« Os Pixadores », plongée au cœur des yamakasis du graffiti brésilien

mercredi 6 mai 2015, par Ken Fernandez.

« Risk something important…Freedom. » Bien plus que de l’art, le pixação se définit comme une façon de penser, une identité. On est retombés sur le court-métrage de Ben Newman, « Os Pixadores », réalisé en 2012 pour la sortie de la collection ASOS X Puma en se disant qu’on se devait de le partager avec vous, malgré le risque de redite. Cette virée cinématographique et poétique auprès de ces graffeurs acrobates de Sao Paulo, gardiens d’un art authentique, nous a touché par sa mise en lumière réelle et exaltante des risques extrêmes courus par ces jeunes artistes, ignorés par la société, se transformant en yamakasis pour donner voix à leurs préoccupations.
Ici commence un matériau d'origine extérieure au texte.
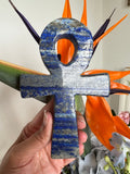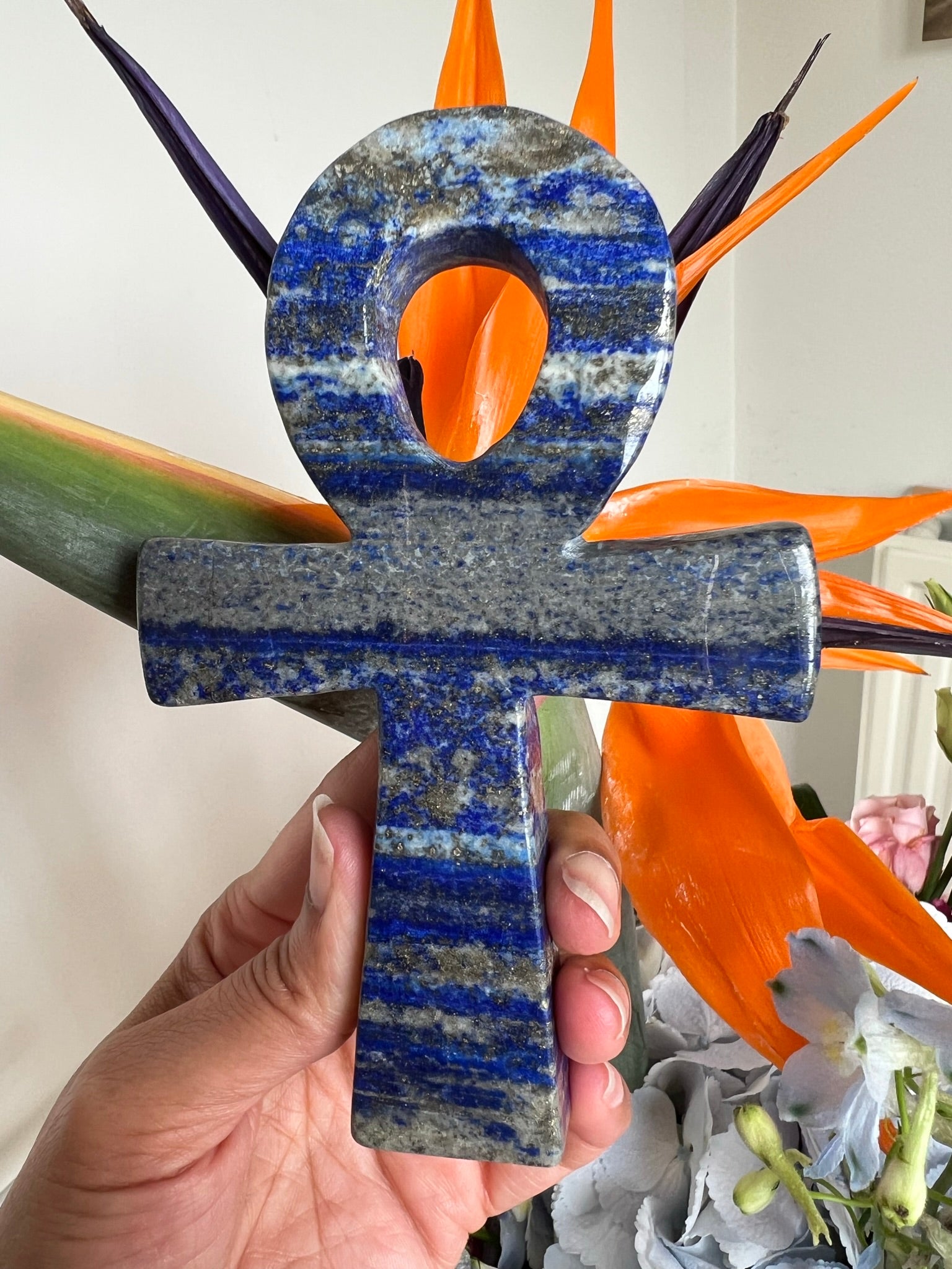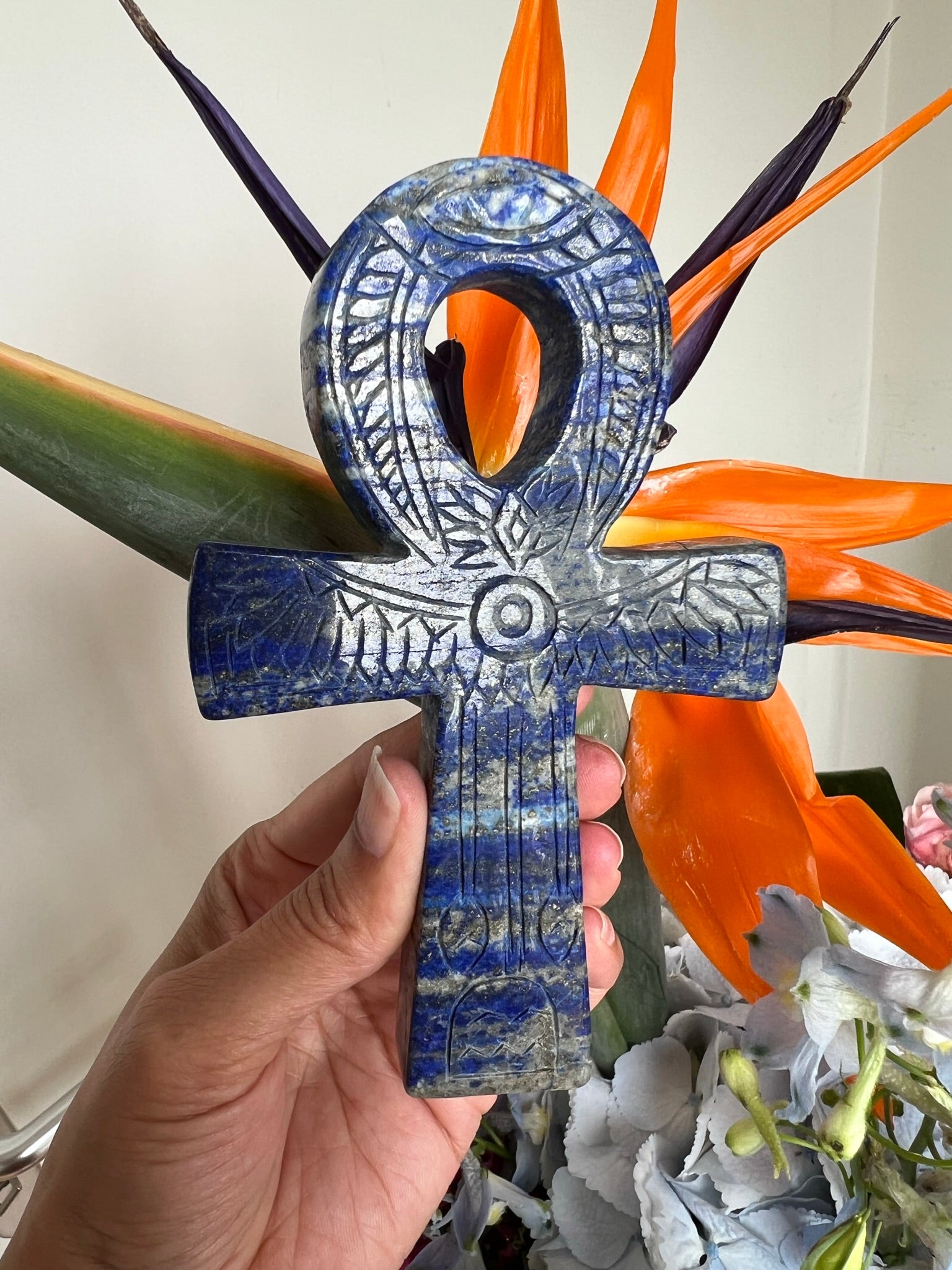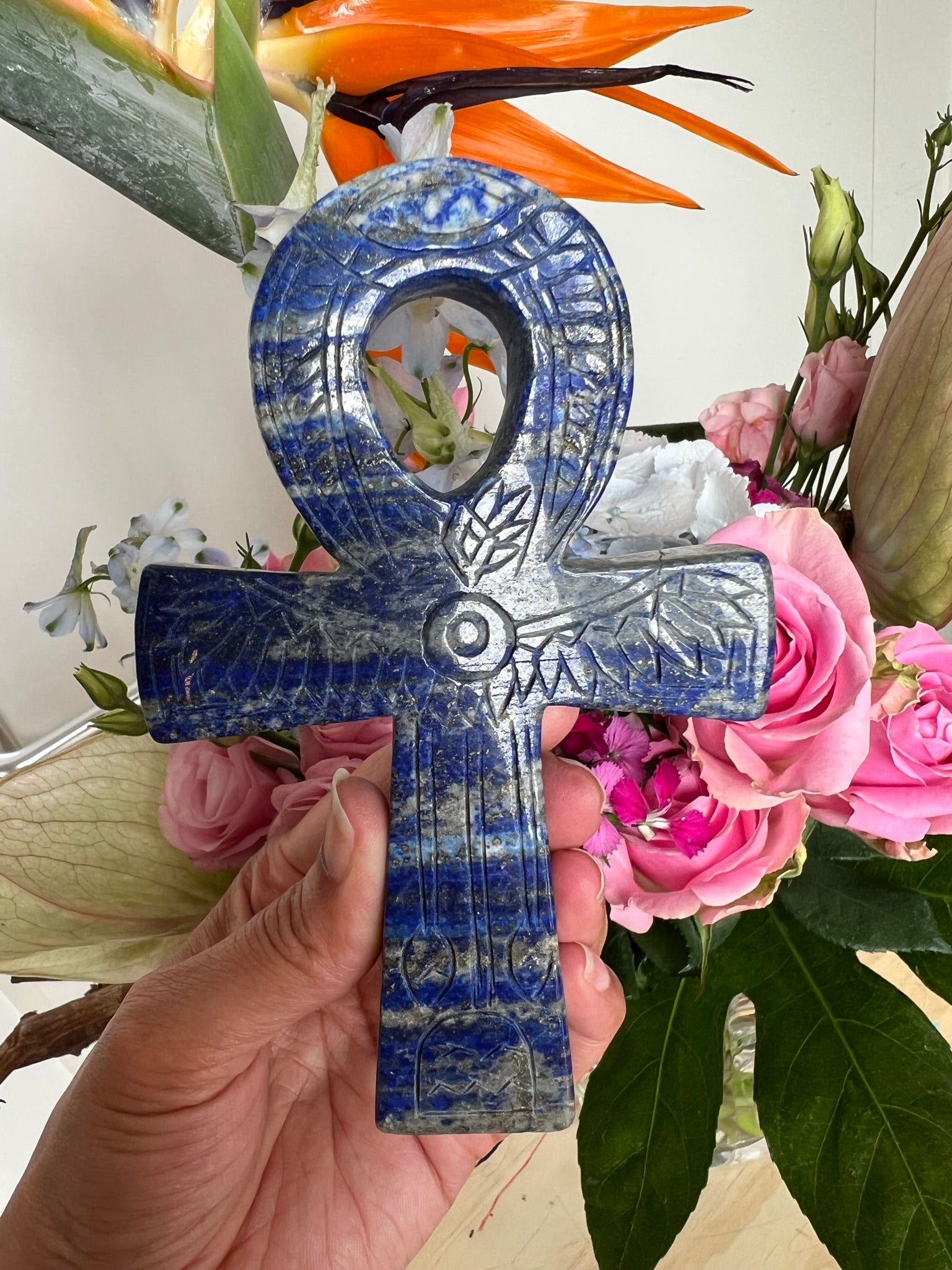 Duik in de diepten van wijsheid en innerlijke kracht met de Lapis Lazuli Ankh. Het diepe blauw van de Lapis Lazuli steen versterkt de betekenis van het Ankh-symbool, dat staat voor levenskracht en spirituele verbinding. Deze combinatie opent het derde oogchakra en stimuleert spirituele groei en intuïtie.

Ben Newman a du passer beaucoup de temps à la recherche des pixadores dans les favelas les plus violentes de la ville avant de rencontrer et convaincre certains de ces junkies d’émotions fortes de l’initier à leur monde. Sao Paulo est devenu depuis les 80’s un haut-lieu de la scène street-art mondiale. Une vision de l’art contestée par le pixação depuis qu’il a vu le jour dans les années 60’s dans la mégalopole. Équivalent du tag sauvage et transgressif, c’est avant tout l’adrénaline qui dicte les pixos. Les gangs utilisent leur art comme un moyen d’échapper aux favelas, pour reconquérir l’espace public en imposant leur identité sur tous les murs de la ville. Le documentaire offre un rare aperçu de cet univers caché, véritable contre-culture symbole de l’effondrement de 20 ans de dictature militaire.
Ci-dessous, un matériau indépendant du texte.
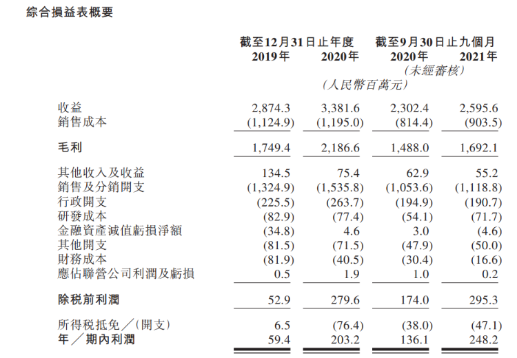 数据披露,2019年、2020年及截至2021年9月30日止九个月,公司分别产生研发开支人民币82.9百万元、人民币77.4百万元及人民币71.7百万元,分别占收益的2.9%、2.3%及2.8%,占比高于行业平均水平。
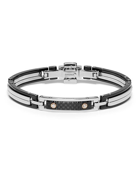 Barakà, storico marchio di gioielleria nato negli anni Sessanta, è oggi un brand affermato di gioielli di lusso per l’uomo ad alto contenuto tecnico e ingegneristico. L’universo dei valori di Barakà si esprime in gioielli interamente realizzati in Italia che uniscono lusso e innovazione, eleganza e cura del dettaglio, e in collezioni tematiche che raccontano storie di conquiste, di avventure e di icone del design italiano reinterpretate nell’alta gioielleria. Lo stile dell’uomo Barakà raccoglie tutti questi valori declinati nei tre mondi che lo vedono protagonista: business, tempo libero e svago. Lo stile dell’uomo Barakà raccoglie tutti questi valori declinati nei tre mondi che lo vedono protagonista: business, tempo libero e svago. Perché l’uomo Barakà si divide tra importanti incontri business, serate di gala e appuntamenti esclusivi e ama dedicare il suo tempo libero a hobby e sport raffinati dal sapore di altri tempi, come la vela o le macchine d’epoca. Il filo conduttore di questi momenti di vita, rimane il lusso distintivo e il design riconoscibile dei gioielli Barakà: avanguardia produttiva e artigianalità orafa 100% Made in Italy. Bracciale in acciaio inossidabile e acciaio con trattamento PVD nero con inserto in fibra di carbonio e dettagli in in oro rosa 750‰

A l’opposé des clichés samba, beach-volley,football, le mouvement a créé son propre son alphabet, inspiré du heavy-metal allemand. Les pixadores sont les seuls à pouvoir déchiffrer ces messages codés : les écritures et les logos compliqués sont incompréhensibles pour le commun des habitants de Sao Paulo et se détachent de considérations esthétiques. C’est la performance, la prise de risque et la violence qui prévalent sur la dimension plastique. La mission : signer de son nom les façades des immeubles à coup de grandes lettres noires triangulaires. Traqués par la police et détestés des autres graffeurs, les pixadores repoussent toujours plus haut leurs limites. Aujourd’hui, leur style unique au monde fait partie intégrante de Sao Paulo. Une richesse qui tient à son indépendance et pas question pour le Pixação de se voir récupéré par les galeries d’art, du moins pour le moment…

En mêlant acrobaties intrépides et cascades sur des trains en mouvement, le film capture l’esprit de rébellion des pixadores, bien au-delà du graffiti. A (re)découvrir d’urgence.